I do think you may be a little wrong about what you are saying. Many people among us are still using religion and what they think are moral truths to shape the laws of our land.
A few other people are trying to advance an improved moral concept that has logical consistency to it which allows equal rights for all people but the sad truth is that us humans seem to have little to no interest in studying Ethics and axiology.
Without an interest in ethics we ended up with the two choices or dilemma we had to choose to be our president.
0 Replies
 
reasoning logic
 
  -1  
Reply Sun 20 Nov, 2016 05:53 pm
0 Replies
 
reasoning logic
 
  -1  
Reply Sun 20 Nov, 2016 07:48 pm
I love hearing from great thinkers of all backgrounds.

Let the Madness begin

0 Replies
 
nimh
 
  3  
Reply Thu 24 Nov, 2016 07:43 pm
@Lash,
More "pay to play" by George Soros ;-)

George Soros Pledges $10 Million to Fight Hate Crimes

Quote:
Mr. Soros, a Holocaust survivor originally from Hungary, said in a telephone interview this week that he was “deeply troubled” by hundreds of reports of possible hate crimes since the election — including many Nazi swastikas spray-painted on cars and buildings. “We must do something to push back against what’s happening here,” Mr. Soros said [..].

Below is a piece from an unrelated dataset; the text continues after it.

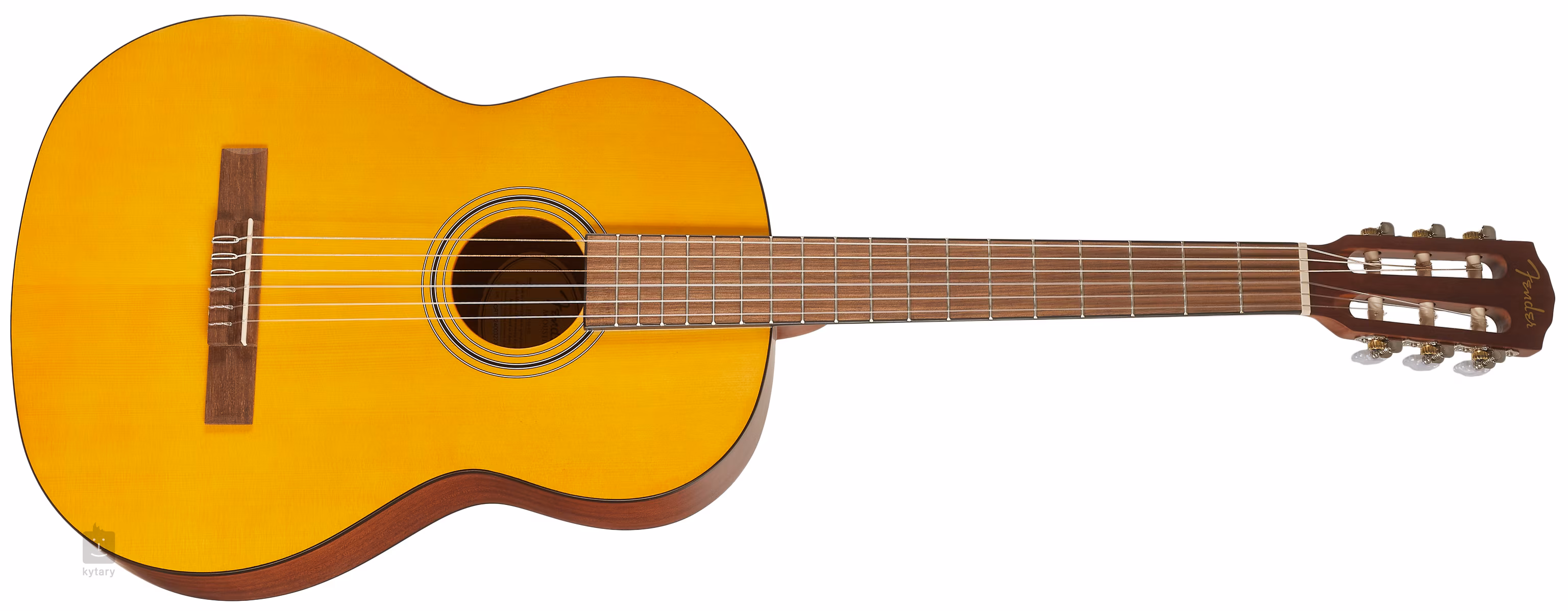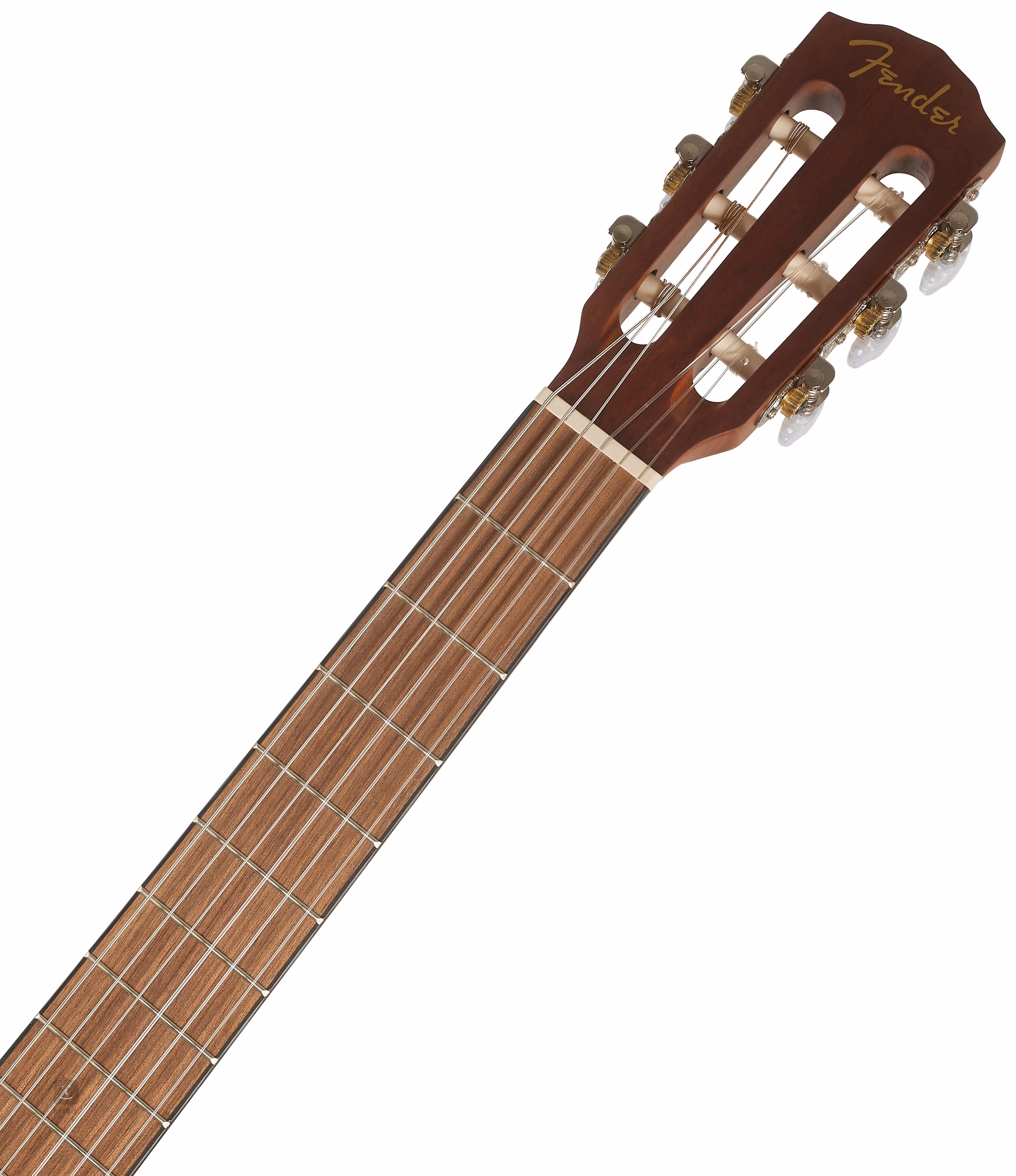 Die Fender Squier ESC 105 Konzertgitarre ist ein erschwingliches Instrument, das sich besonders für Anfänger eignet. Der geschichtete Korpus der Gitarre besteht aus Fichtenfront und Okoumé-Boden und -Zargen. Der schmalere Hals (44,5 mm Breite am Nullbund) ist auf ein mit achtzehn Bünden versehenes Nussbaum-Griffbrett geklebt. Die Saiten sind in einem Griffbrett aus Walnussholz und klassischen offenen Stimmmechaniken mit Wirbeln aus Perlmuttimitat verankert. Der traditionelle Look wird durch die Satin Vintage Natural-Lackierung von Korpus und Hals, eine Rosette mit schwarzen und weißen Ringen und das Logo auf der Kopfplatte unterstrichen. Die Gitarre wird in einem Gigbag geliefert.

His nonprofit group, the Open Society Foundations, plans to spend at least $5 million in coming weeks to fund grants of as much as $150,000 to community groups and civil rights organizations to develop plans for combating the recent spate of hate crimes and to work with victims.

The group said additional money would go toward national efforts to improve tracking of hate crimes — an effort that law enforcement officials acknowledge is incomplete. The F.B.I. reported last week that there was an increase of nearly 67 percent last year in hate crimes against Muslim Americans — and an increase of 6 percent against all groups.
layman
 
  -3  
Reply Thu 24 Nov, 2016 08:01 pm
@nimh,
I find the whole idea of a so-called "hate crime" to be quite distasteful. That aside, Soros might want to re-think his position on this. Does he really want to see the protesters and rioters that he's financing subjected to special punishment, ya think?
revelette2
 
  2  
Reply Fri 25 Nov, 2016 08:44 am
@layman,
There is no proof other than insinuations to the rumor of Soros financing the protest. He has denied it.

Quote:
The Open Society Foundations says the notion that Soros is paying anti-Trump protesters is fiction, but says — with so many protests organized by so many groups — it's possible some groups the philanthropy supports may have been involved in the protests. 

"There have been many false reports about George Soros and the Open Society Foundations funding the protests that have erupted since the U.S. presidential elections. There is no truth to these reports,"  Foundations President Chris Stone said. "The only initiative we are planning to fund related to the elections is to respond to hate crimes and speech." 


source

But of course if someone baselessly says it and Soros denies it, it must be true.
layman
 
  -3  
Reply Fri 25 Nov, 2016 09:32 am
@revelette2,
revelette2 wrote:

There is no proof other than insinuations to the rumor of Soros financing the protest. He has denied it.


Your quote sounds more like an admission than a denial.

Quote:
The Open Society Foundations says...with so many protests organized by so many groups — it's possible some groups the philanthropy supports may have been involved in the protests. 


Since when has paying protesters to block traffic on streets and freeways, access to which was essential to people and emergency vehicles such as ambulances; to riot; beat people, etc. been considered "philanthropy," I wonder?